About Kera Elise DeLong
Last updated March 27, 2004
Age: 34
Height: 5' 10"
Weight: >0
Favorite Color: Parrish Blue
Favorite Artist: M.C. Escher
Favorite Music: Classical, Early Baroque
Life, the Universe, and Everything:
    My story is not special.  I've had the feeling that I was born with the wrong anatomy for as long as I can remember, and have been experimenting with my femininity for at least as long.  I am still very much in the closet, though I've attempted to pick the lock a million times, and will continue to do so.

     I play the part of loving husband and father most of the time, but this more feminine (real) side of me has always existed below the surface.  I am a Christian (though probably not a very good one), and I believe with all my heart in the love of Jesus Christ.

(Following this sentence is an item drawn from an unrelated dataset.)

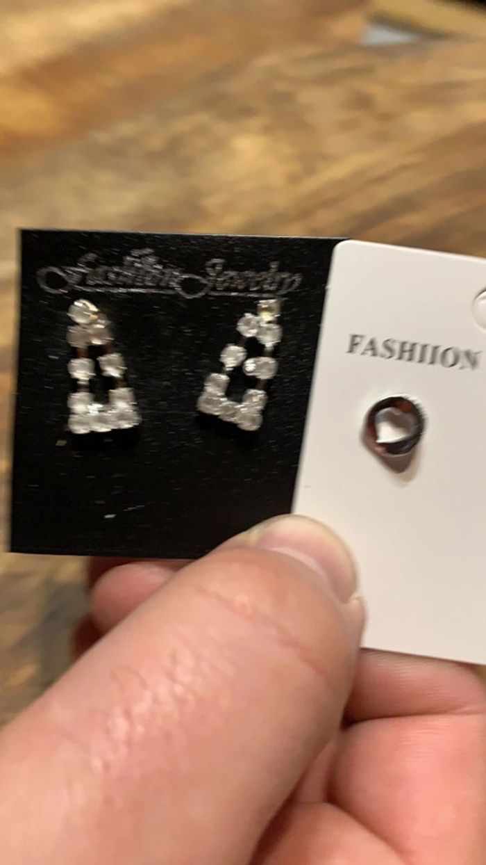 Lot paire de boucles d’oreilles pendentif strass cœur argenté - photo numéro 4

     Somehow, I am certain that my gender concerns fit into all that... I just haven't completely worked out how.  I'll let you know if I figure it out.

     Don't misunderstand!  I'm not all tea and crumpits, ya know.  There's a little bit of she-devil in me, and she loves a good party.  I openly admit more than a little fascination with kink... I especially LOVE corsetry (have one... but have no one to lace me up... arrghh!), and a little B&D never hurt anyone... wellll!  I'm also taken with all things "strange;" something you'll get a small taste of on my Links page.

     By nature, I am a very creative person.  I used to be an accomplished musician, and still bear the common traits.  I studied classical violin and majored in Music in college.  I play (or played) a number of instruments through the course of my development including keyboard, electric bass, all the major strings, a number of wind instruments and some percussion.  Sadly, I have forgotten most of it.

     Just recently bought a new synth - okay, it's not new... but I'm in love anyhow!  It's a board that I lusted after as a kid, but could never get my hands on... a Yamaha DX7.  Next, I plan to pick up a new Bass (don't know what kind yet), and begin to relearn the things I used to know.  I would love nothing more than to get a little group together (possibly a "girl band..." hee hee) just for kicks and maybe eventually a gig or two.

     My real hope is to find some things in which I can incorporate my femininity.  To date, my life has traveled so far off that path, that I can't even see the old road anymore.  It's gotten to a point where I've started to question whether I have a life, or if I am just a pawn in someone else' life.  I don't like that feeling, and I desperately want to recapture a few small pieces of me.

     I hope this gives you a little picture of Kera.  I know it's not the traditional bio, but I think it says a lot more about who I am than a list of stats ever could.  Anyhow, if you've ever read a TG bio, you've heard most of the anecdotes I would be sharing!  Who said there's no such thing as the "Collective Conscious??"